VIRALS.CO.ID – Banyak masyarakat masih beranggapan bahwa fogging merupakan cara yang efektif untuk mencegah penyebaran penyakit demam berdarah dengue (DBD).
Namun, jika fogging dilakukan tanpa memenuhi kriteria yang tepat, hal ini justru bisa menyebabkan nyamuk Aedes aegypti menjadi resisten terhadap insektisida.

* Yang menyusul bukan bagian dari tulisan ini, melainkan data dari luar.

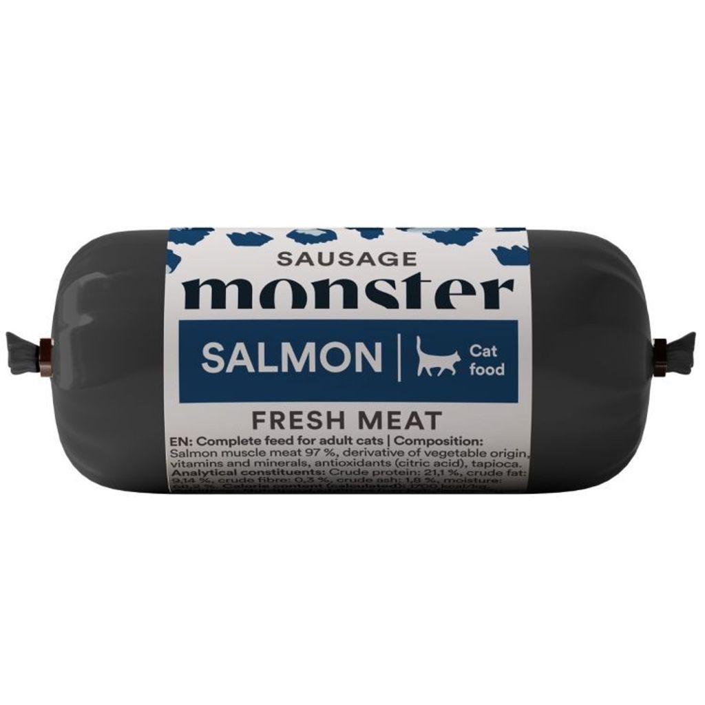 Även den mest kräsna katten har svårt att motstå denna smakrika, spannmålsfria korv från Monster. Monster Cat Sausage Salmon är en köttrik korv där kött från lax är både första ingrediens och den enda proteinkällan. Tack vare sin höga smaklighet fungerar den lika bra som ett komplett helfoder som ett extra lyxigt godis vid sidan av. Den mjuka och smidiga konsistensen gör korven enkel att skära i bitar och ta med sig i fickan, eller varför inte riva över kattens vanliga foder för en välsmakande topping.

“Di semua wilayah Indonesia, Dinas Kesehatan mengatur fogging dengan cermat. Kami tidak sembarangan dalam melakukan fogging untuk pengendalian DBD,” kata Epidemolog Kesehatan Muda Dinas Kesehatan Kota Pekalongan, Opik Taufik, Kamis (18/7/2024).
Opik menjelaskan, saat ditemukan kasus DBD, pihaknya segera melakukan fogging dan mengubah jenis insektisida yang digunakan untuk menghindari resistensi.
“Kami menggunakan berbagai insektisida seperti malathion dan sipermetrin secara bergantian untuk mencegah resistensi,” ujarnya.
Untuk memastikan nyamuk di suatu wilayah sudah resisten terhadap insektisida, diperlukan survei yang biasanya dilakukan oleh Balitbankes.
“Penelitian dilakukan dengan memberikan perlakuan tertentu pada nyamuk dalam jangka waktu yang ditentukan,” tambah Opik.
Opik menekankan bahwa menjaga kebersihan lingkungan adalah kunci utama dalam pencegahan DBD.
Salah satu cara yang efektif adalah dengan melakukan gerakan 3M: menguras, mengubur, dan menutup.
Ia juga berharap masyarakat bersedia dilakukan fogging jika ada kasus DBD di wilayah mereka untuk menghentikan penyebaran nyamuk Aedes aegypti.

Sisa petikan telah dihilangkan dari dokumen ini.